Election season could ratchet up inflation



THE Confederation of Zimbabwe Industries says next year’s general elections, money supply growth to support the summer cropping season and a suppressed foreign exchange market may reverse inflation stabilisation in the short to medium term.


Official figures show that since the beginning of 2022, annual inflation has been increasing every month unabated. For the first time in 2022, annual inflation slowed down in September, which experts say was a positive development since Zimbabwe has one of the highest inflation rates in the world.

 In September 2022, the annual inflation rate was 280.4%, shedding 4.6 percentage points on the August rate of 285%. The persistent decrease in month-on-month inflation since July 2022 is starting to filter through to annual inflation.

With the tight liquidity conditions in the market, market watchers say it is expected that the decline in annual inflation will be sustained in October 2022 as well.

Goods and services that had the highest inflation rate in August 2022 recorded a decline in September 2022 except electricity which registered an increase.

The CZI says despite the relative stability, Zimbabwe’s annual inflation is such an outlier compared to its regional counterparts, which compromises competitiveness.

“Zimbabwe is now entering its farming season, which comes along with agriculture financing. In recent years agriculture financing has been Zimbabwe’s Achilles heel when it came to macro-economic stabilisation,” reads the latest CZI currency and inflation update.

“The manner in which government will finance the agriculture season will determine the sustainability of the inflation downturn. There is need to ensure that the financing of the agriculture season does not result in a net increase in liquidity beyond levels that holders would need for transactions and other payments, which could see the parallel market getting fuelled up.”

Experts say the introduction of gold coins as a store of value, increased due diligence on payment of government suppliers, hiking interest rates to 200% and slowdown in money supply growth have in recent weeks eased inflationary pressures.

“Zimbabwe is approaching election season as 2023 draws near. Elections are by nature a very expensive undertaking and there is need for the authorities to ensure that the season does not come with money supply increase whose consequences would be dire to stability as has already been experienced.
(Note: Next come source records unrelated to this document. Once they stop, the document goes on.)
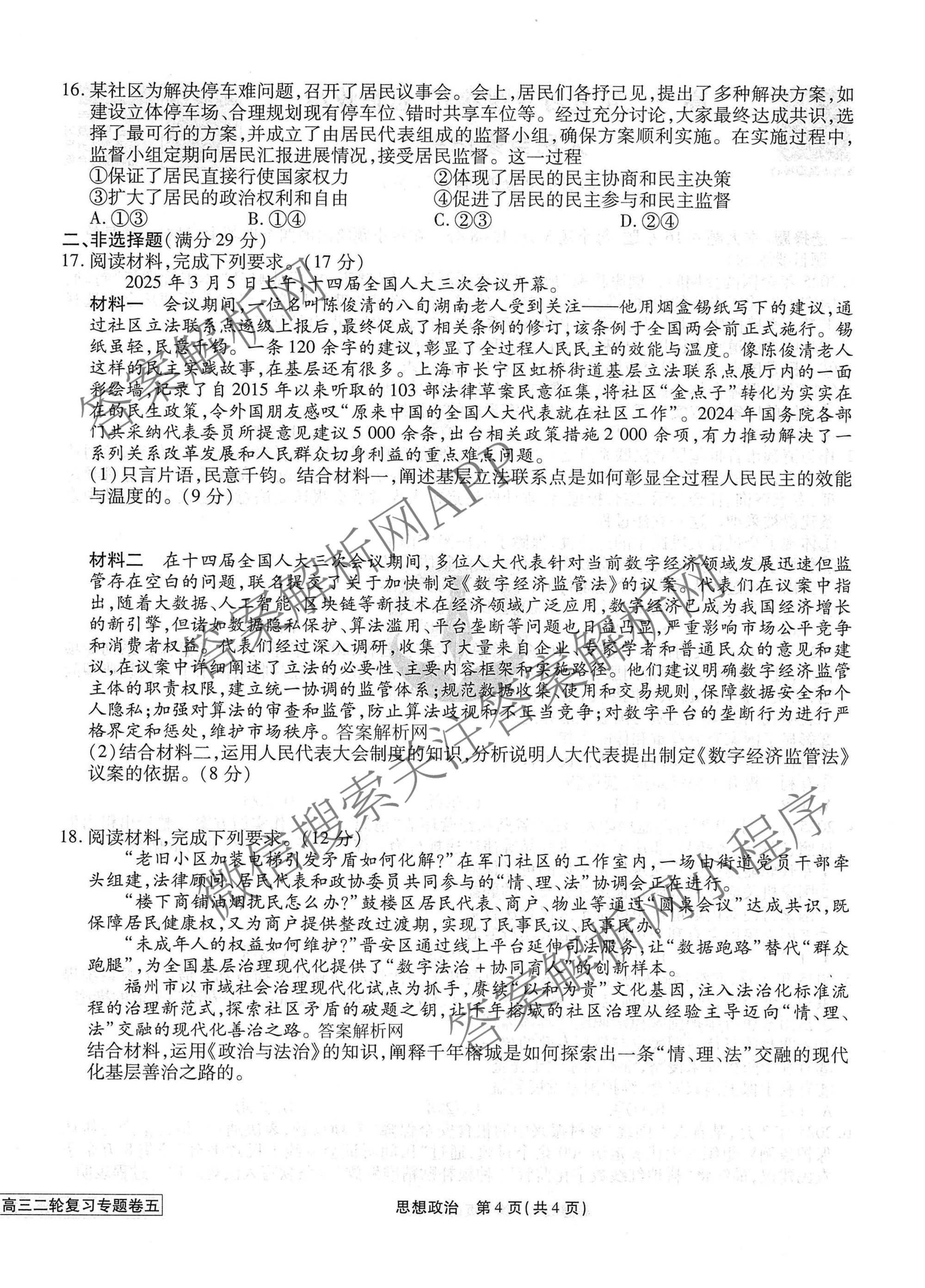 2026届衡水金卷先享题·高三二轮复习专题卷政治(五)5试题,目前衡水金卷先享题答案网已经汇总了2026届衡水金卷先享题·高三二轮复习专题卷政治(五)5试题的各科答案和试卷,获取更多衡水金卷先享题答案解析,请在关注本站。
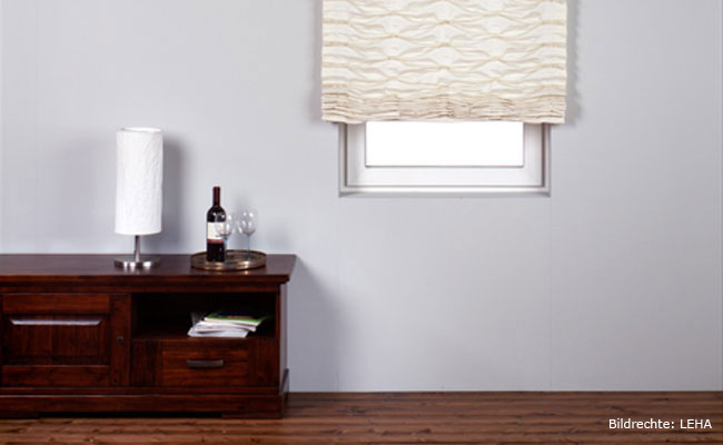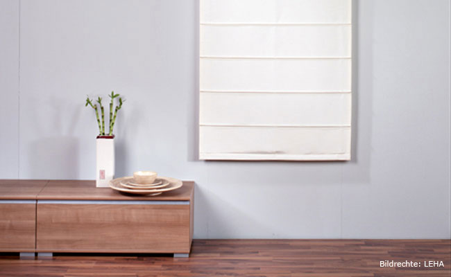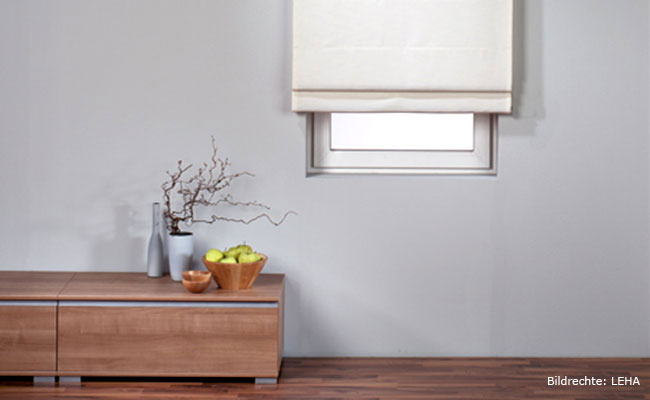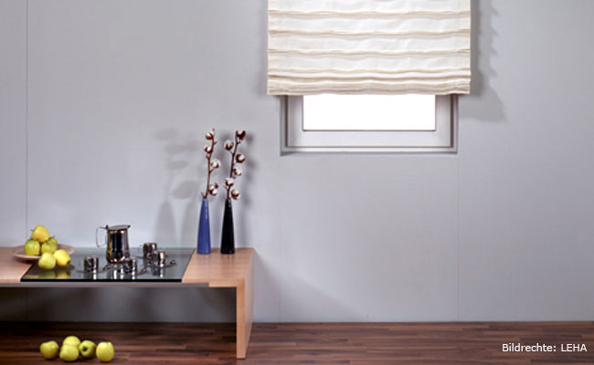 Raffrollos verbinden die dekorative, textile Wirkung des Vorhangs mit der Funktionalität des Rollos.
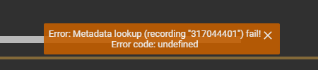 | Description | The Metadata lookup errors: undefined / invalid mbid. don't really mean anything to users--it just tells them that the lookup failed but without clarity as to why (especially since the errors seem to occur in a non-deterministic fashion). Also, as far as I can see, they're not currently translated. Would it make sense to fix this with something like: Error: Metadata lookup (<source>) - Fail: <track name> OR Error: Metadata lookup (<source>) - Cannot create connection. ('Cannot connect' would be better, but this is the only string we have atm--we can change it in the future). All of the above strings are already translated and since 'undefined' and 'invalid mbid.' don't mean anything to the user, I'm not sure there's any sense in communicating that. Is any information being lost in this proposed change? Is there anything else we should communicate? The messages are still kind of vague and it's unclear what the path to resolution is. e.g. if they're transient errors, perhaps append 'Try again later.' (although atm the only available string is 'Please try again') ? | ||||
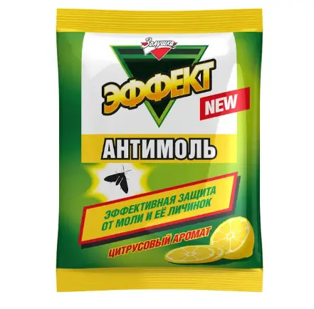 Эффект-Антимоль надёжно защищает вашу одежду, изделия из меха и шерсти от моли и её личинок, придавая вещам приятный аромат.
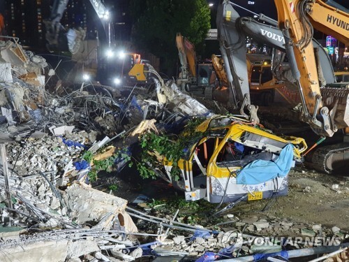 경찰과 소방당국은 애초 버스 한 대와 승용차 두 대가 매몰됐다는 목격자 진술을 확보했지만 구청 폐쇄회로(CC)TV를 확인한 결과 다행히도 승용차들은 붕괴 직전 멈춰 선 것으로 확인했다.
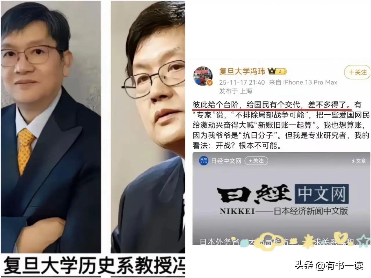 我很难理解,像“复旦教授冯玮”这种生物的脑回路。一句“差不多得了”,面对日本相关的历史争议与现实挑衅,作为拿国家俸禄的学者,不谴责加害者,反倒劝受害者“大度让步”,这操作属实让人费解! 郭德纲早说过戳心窝子的话:“我最烦那种不知道什么事,就劝我要大度的人。你知道我经历了什么?这种人得离远点,雷劈他时容易连累你。” 你想大度,可那些长眠地下的抗日先烈,答应吗?3500万同胞,答应吗?14亿铭记历史的中国人,答应吗? 学者的风骨,该是明辨是非,而非颠倒黑白”。他还能活跃在舆论场,恰恰证明我们的言论太自由,连这种离谱言论都能容下!但包容绝不等于纵容混淆是非、伤害民族感情的言论。 我们尊重不同观点,但绝不容忍有人拿着历史当儿戏、拿着民族伤痛换流量。希望所有学者都能守住底线:铭记历史不是为了延续仇恨,而是为了不让悲剧重演;言论自由不是无底线的“胡言乱语”,而是要对得起良知、对得起国家的培养! 冯玮 复旦教授冯玮
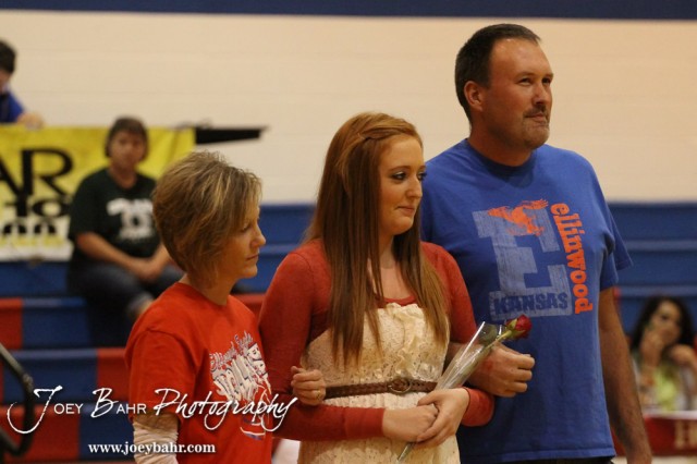Ellinwood Lady Eagle Kaitlyn Wondra (#25) is introduced with her parents before the Central Plains Lady Oilers at Ellinwood Lady Eagles volleyball match at Ellinwood High School in Ellinwood, Kansas on October 11, 2012. (Photo: Joey Bahr, www.joeybahr.com)
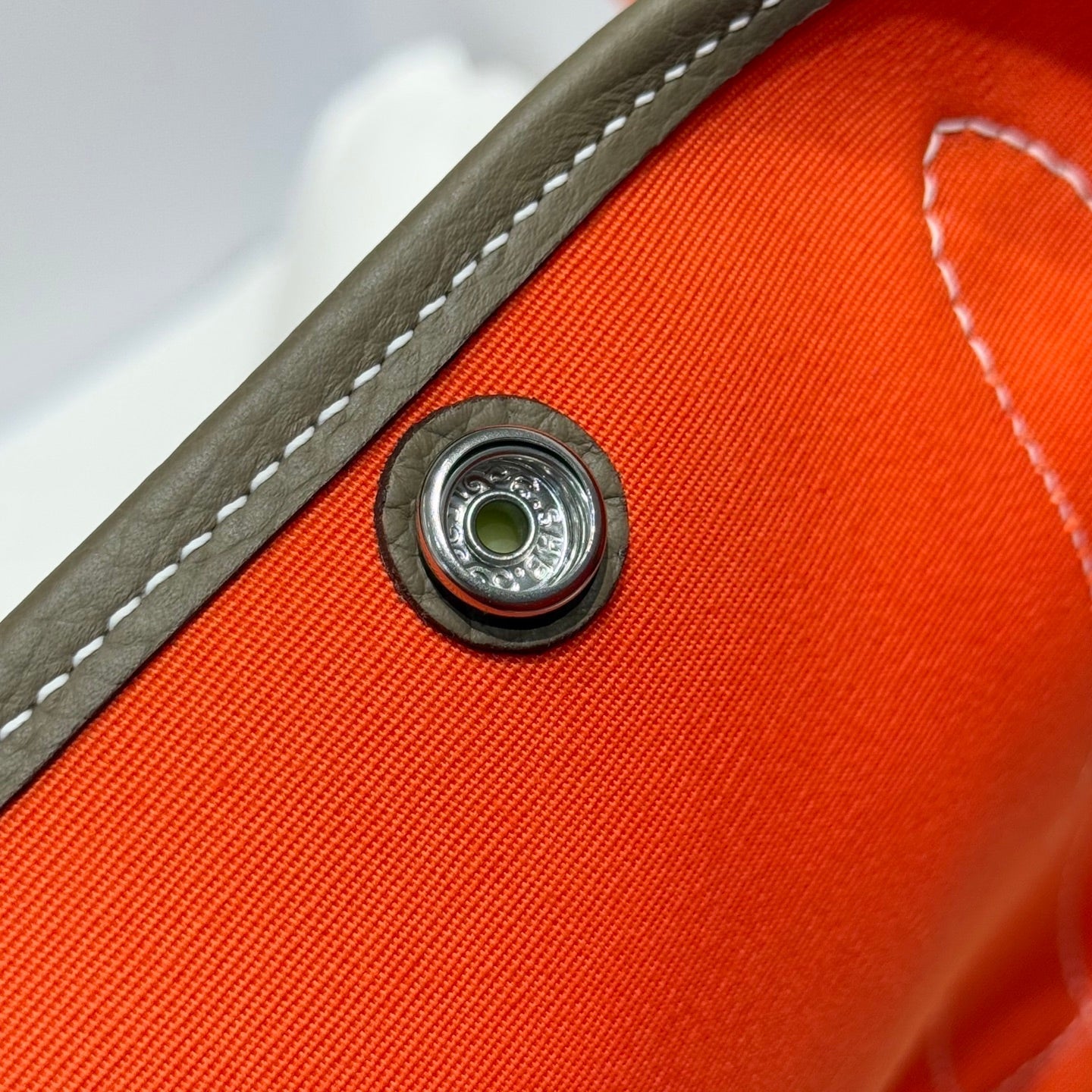 HM Garden Party 30cm Bag Etoupe Togo Orange Canvas
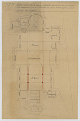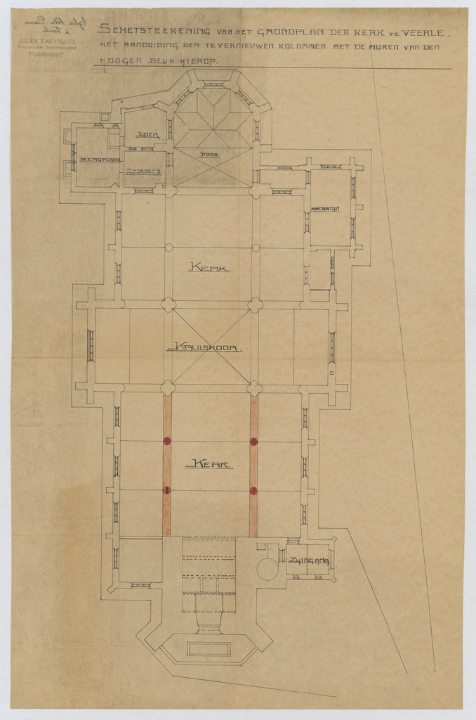 Opschrift: Schetsteekening van het grondplan der kerk te Veerle - met aanduiding der te vernieuwen kolommen met de muren van den hoogen beuk hierop. Omschrijving plan: plattegrond niveau 0 Datum KCML: deze informatie wordt niet vermeld op het archiefstuk Archiefnummer: A0860
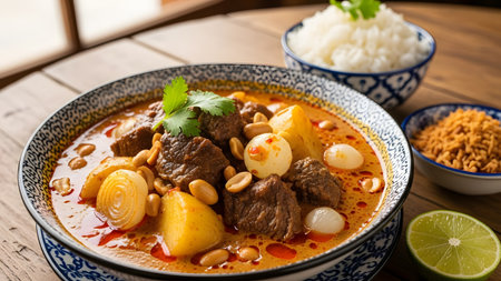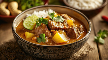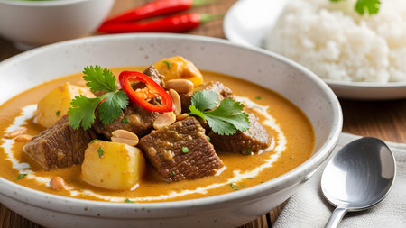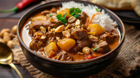 A rich and creamy Thai massaman curry with beef, potatoes, and peanuts, served in a traditional bowl with rice on the side.
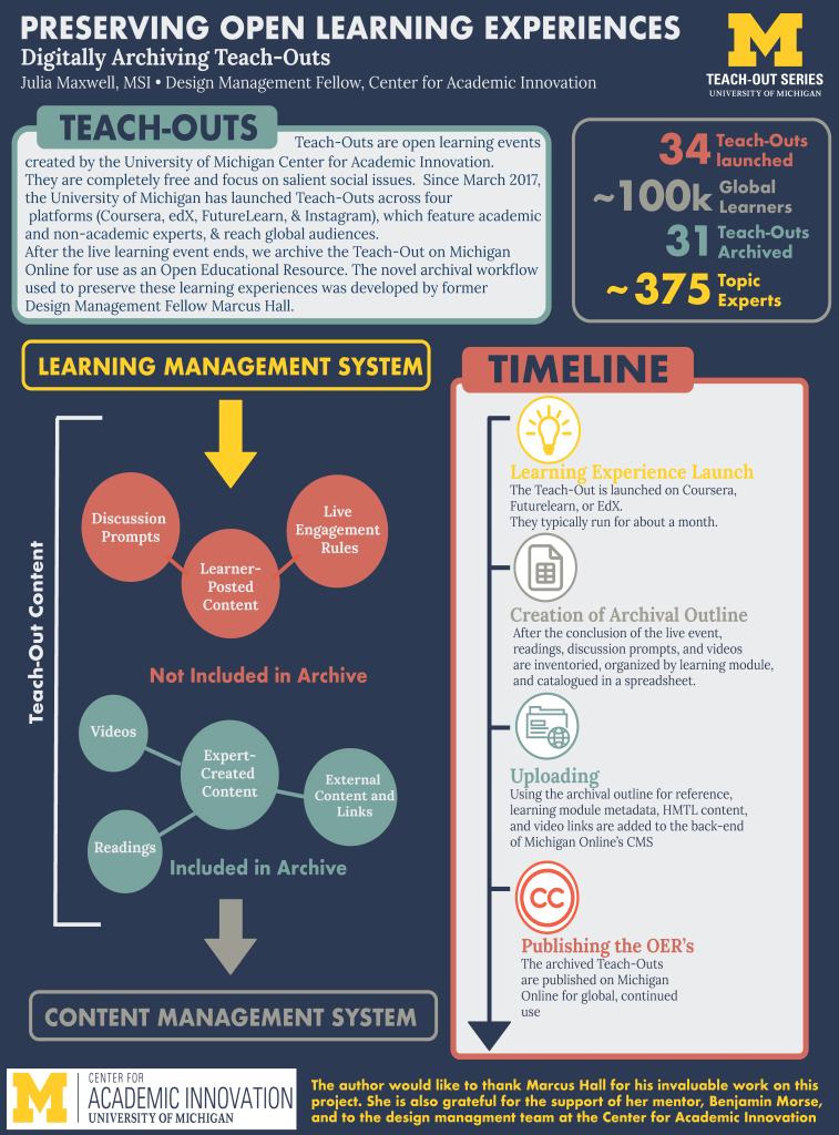 This poster was created for the Society of American Archivists ARCHIVES*RECORDS 2020 Conference. It details the digital archival process I use for preserving the Teach-Outs created by the University of Michigan. Check out all of the archived Teach-Outs at Teachout.org.
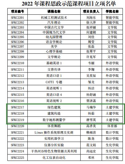 我院马瑞华老师的《绿色建筑》、杨茹老师的《建筑构造》、唐雪英老师的《数字地形测量学》三门课程立项校级
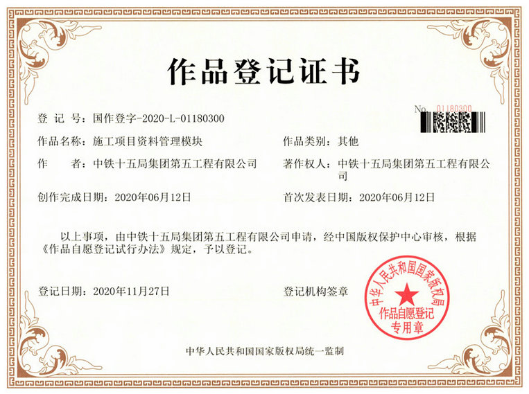 由中鐵十五局五公司組織編寫的《施工項(xiàng)目資料管理模塊》于近日通過中國(guó)版權(quán)保護(hù)中心審核,獲得由中華人民共和國(guó)國(guó)家版權(quán)局頒發(fā)的作品登記證書。這是該公司年內(nèi)獲得的第二個(gè)作品登記證書。
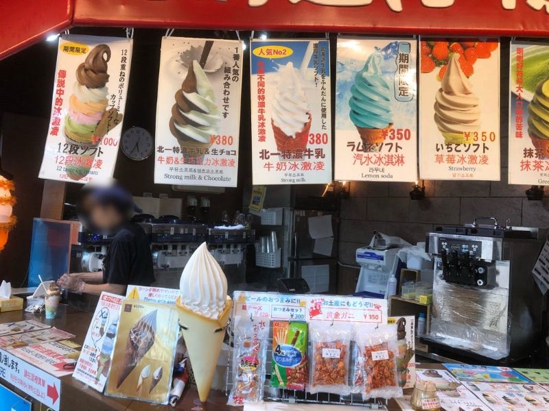 ソフトクリームメニューは豊富で、名物の8段ソフト以外に食べやすい普通サイズもあります。
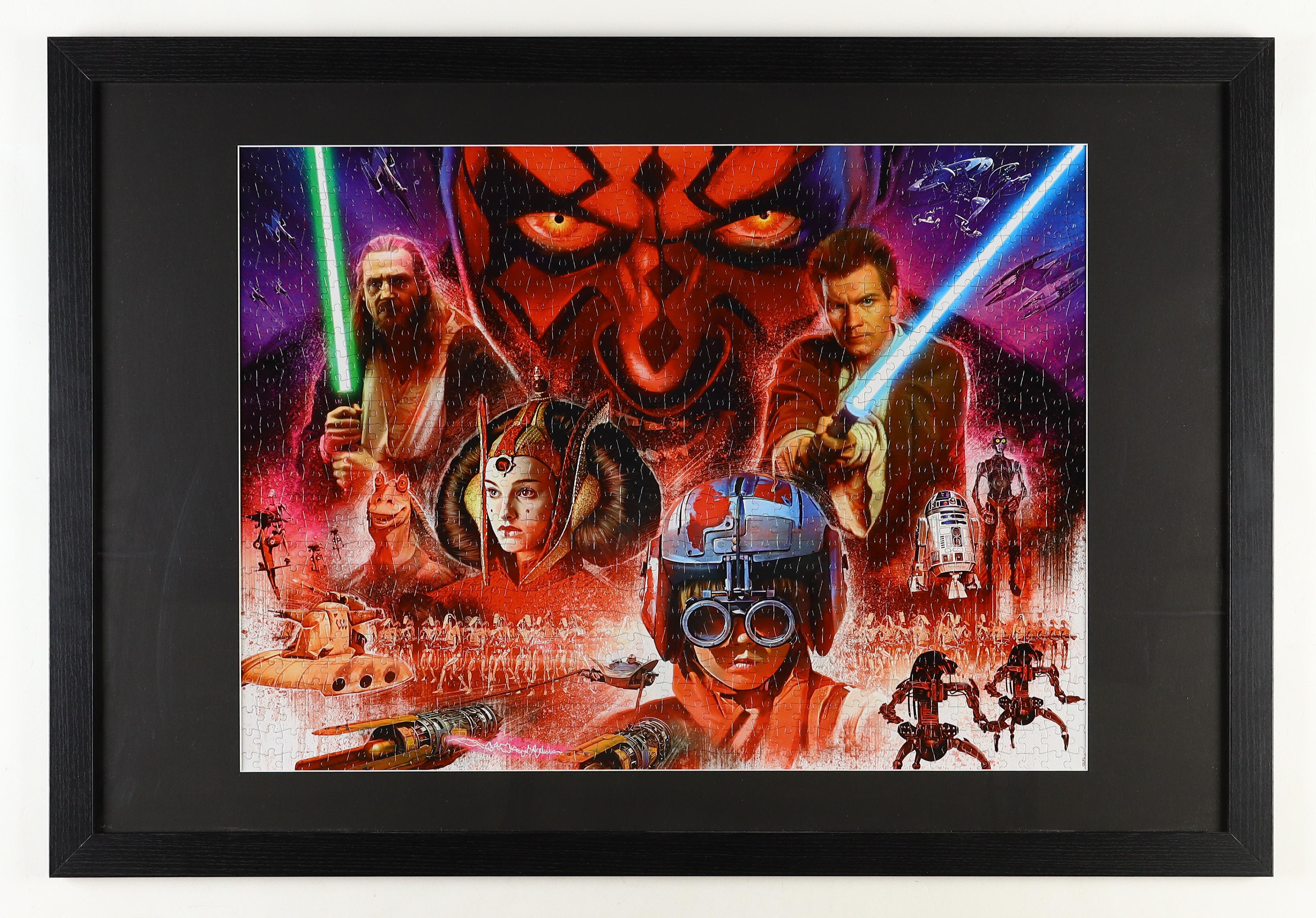 Custom frame measures approximately 26" x 38" in size and features a completed puzzle depicting "Star Wars: Episode I - The Phantom Menace" characters. Please note, the display is unsigned.

Under a high inflation environment, the ZWL$ will continue to lose value such that any holder would be better off offloading it and holding on to the USD,” the report reads.

“With no official platform for domestic participants to change local currency for foreign currency for store of value purposes, any extra liquidity in the economy will chase foreign currency on the parallel market.”

The organised manufacturing sector lobby group says while the central bank has increased the amount of foreign exchange which can be accessed from the formal banking system, more steps are needed to liberalise the market.

The Reserve Bank of Zimbabwe (RBZ) increased the maximum amount that entities can purchase from the willing-buyer willing-seller (WBWS) system from US$20 000 to US$100 000 per week per entity.

 This was done in a bid to liberalise the foreign exchange market.

“However, the rate on the WBWS platform must be market determined if RBZ is going to maintain sustainable convergence,” CZI says.

“A controlled rate will ultimately lead to a distorted exchange rate market and the emergence of a huge parallel market premium, which is an opportunity cost for using official foreign currency channels, hence increased traffic to the parallel market. There is need for RBZ to take advantage of the current convergence pathway to avoid any more controls of the rate which widens the parallel market premium and renders the official exchange rate unattractive for holders of foreign currency.”